■ **Aim of the exercise**
Once the line holding "Vivid Abstract Illustration" appears, repeat it and each line after it to the end of the data, exactly and with nothing else; pictures stay out.

*** Dataset excerpt Section Begins ***

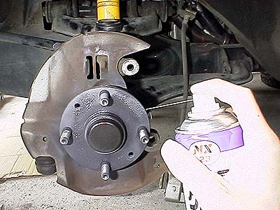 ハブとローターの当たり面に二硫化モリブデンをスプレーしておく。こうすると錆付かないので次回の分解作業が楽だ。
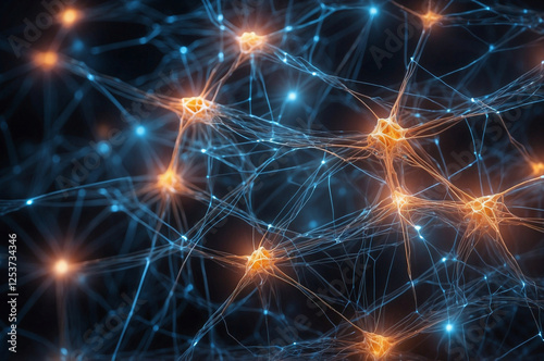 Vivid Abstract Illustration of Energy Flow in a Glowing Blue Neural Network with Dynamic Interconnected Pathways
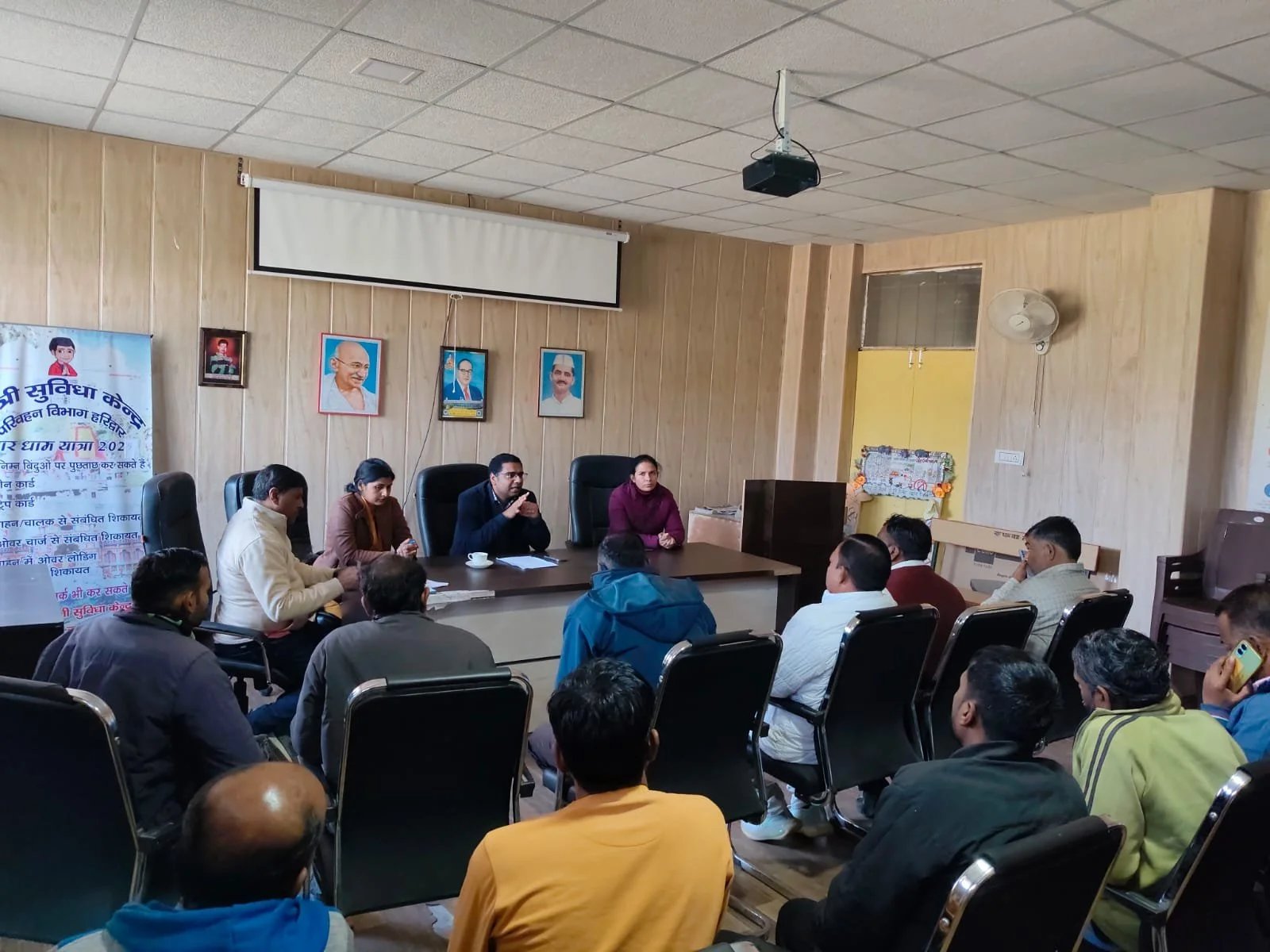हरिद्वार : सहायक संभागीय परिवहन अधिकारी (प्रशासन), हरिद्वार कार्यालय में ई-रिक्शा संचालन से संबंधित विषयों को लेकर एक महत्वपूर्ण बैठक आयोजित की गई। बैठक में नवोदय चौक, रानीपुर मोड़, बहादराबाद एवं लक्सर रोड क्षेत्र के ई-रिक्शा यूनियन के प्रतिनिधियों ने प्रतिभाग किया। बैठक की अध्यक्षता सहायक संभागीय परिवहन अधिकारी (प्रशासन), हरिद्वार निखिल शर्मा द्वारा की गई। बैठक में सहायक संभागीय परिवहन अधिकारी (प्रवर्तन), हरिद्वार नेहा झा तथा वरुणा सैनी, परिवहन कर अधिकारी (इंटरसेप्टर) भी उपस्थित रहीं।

*** Dataset excerpt Section Ends ***

■ **Written response**
 Vivid Abstract Illustration of Energy Flow in a Glowing Blue Neural Network with Dynamic Interconnected Pathways
हरिद्वार : सहायक संभागीय परिवहन अधिकारी (प्रशासन), हरिद्वार कार्यालय में ई-रिक्शा संचालन से संबंधित विषयों को लेकर एक महत्वपूर्ण बैठक आयोजित की गई। बैठक में नवोदय चौक, रानीपुर मोड़, बहादराबाद एवं लक्सर रोड क्षेत्र के ई-रिक्शा यूनियन के प्रतिनिधियों ने प्रतिभाग किया। बैठक की अध्यक्षता सहायक संभागीय परिवहन अधिकारी (प्रशासन), हरिद्वार निखिल शर्मा द्वारा की गई। बैठक में सहायक संभागीय परिवहन अधिकारी (प्रवर्तन), हरिद्वार नेहा झा तथा वरुणा सैनी, परिवहन कर अधिकारी (इंटरसेप्टर) भी उपस्थित रहीं।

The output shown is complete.